Os experimentos de Michelson e Morley tiveram papel fundamental para Einstein postular que a velocidade da luz no vácuo é constante, base da Relatividade.
Isto está correto?

Respondido por: Prof. Fernando Lang da Silveira - www.if.ufrgs.br/~lang/

A derrubada da teoria do éter luminíferoNÃO aconteceu graças aos experimentos Michelson-Morley. Esta é uma lenda a serviço da concepção empirista sobre como funciona a ciência.

Ao receber Michelson o Prêmio Nobel (1907) NÃO houve qualquer referência à “derrubada da teoria do éter”! A razão para atribuição a Michelson do prêmio é a seguinte:  “for his optical precision instruments and the spectroscopic and metrological investigations carried out with their aid“.

Michelson, até o fim de sua vida (1931) acreditou no éter e em 1925 anunciou que havia detectado o “vento de éter”.

Veja nosso artigo “Três episódios de descoberta científica: da caricatura empirista a uma outra história” disponível no ResearchGate, especialmente seções III.1 e III.2.

Segundo o próprio Einstein os experimentos de Michelson-Morley NÃO foram importantes para Teoria da Relatividade Restrita (TRR). Não há nenhuma referência a eles no artigo de 1905.

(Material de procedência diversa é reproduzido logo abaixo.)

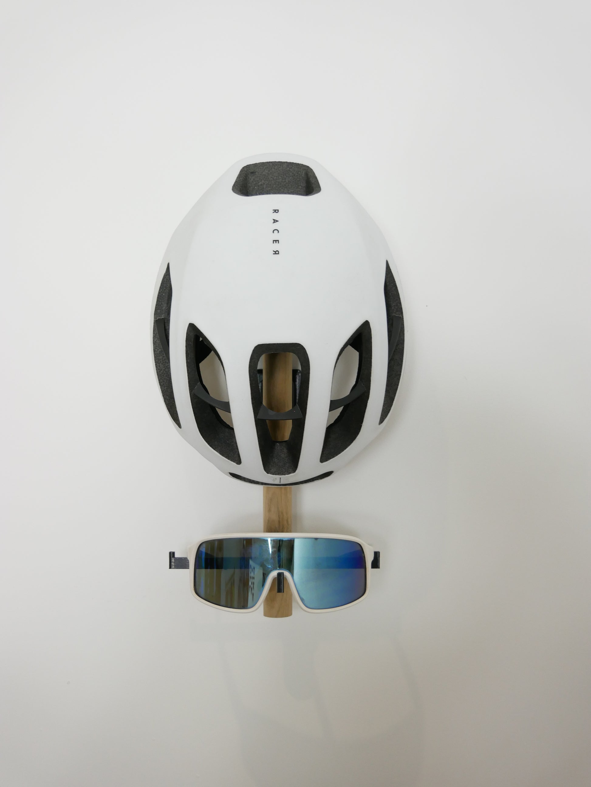 Made of 3D printed PETG and a milled wooden dowel, show off your glasses and helmet the way you're seen on the road.

Quem tomou a sério os resultados negativos de Michelson-Morley foi Lorentz, criando uma teoria para explicá-los. Lorentz continuou a crer em um “éter indetectável” mesmo após a TRR. Em 1909 assim se pronunciou Lorentz: “I cannot but regard the ether, which can be the seat of an electromagnetic field with its energy and its vibrations, as endowed with a certain degree of substantiality, however different it may be from all ordinary matter.”

Segundo o próprio Einstein sua motivação para criar a TRR é resolver uma incompatibilidade entre a Mecânica e o Eletromagnetismo. Um dos problemas que inquietava Einstein desde os 16 anos está bem colocado  no seu célebre o Experimento  Mental da Perseguição do Raio de Luz: “Se um raio de luz for perseguido a uma velocidade c (velocidade da luz no vácuo), observamos esse raio de luz como um campo eletromagnético em repouso, embora com oscilação espacial. Entretanto, aparentemente, não existe tal coisa, quer com base na experiência, quer de acordo com as equações de Maxwell.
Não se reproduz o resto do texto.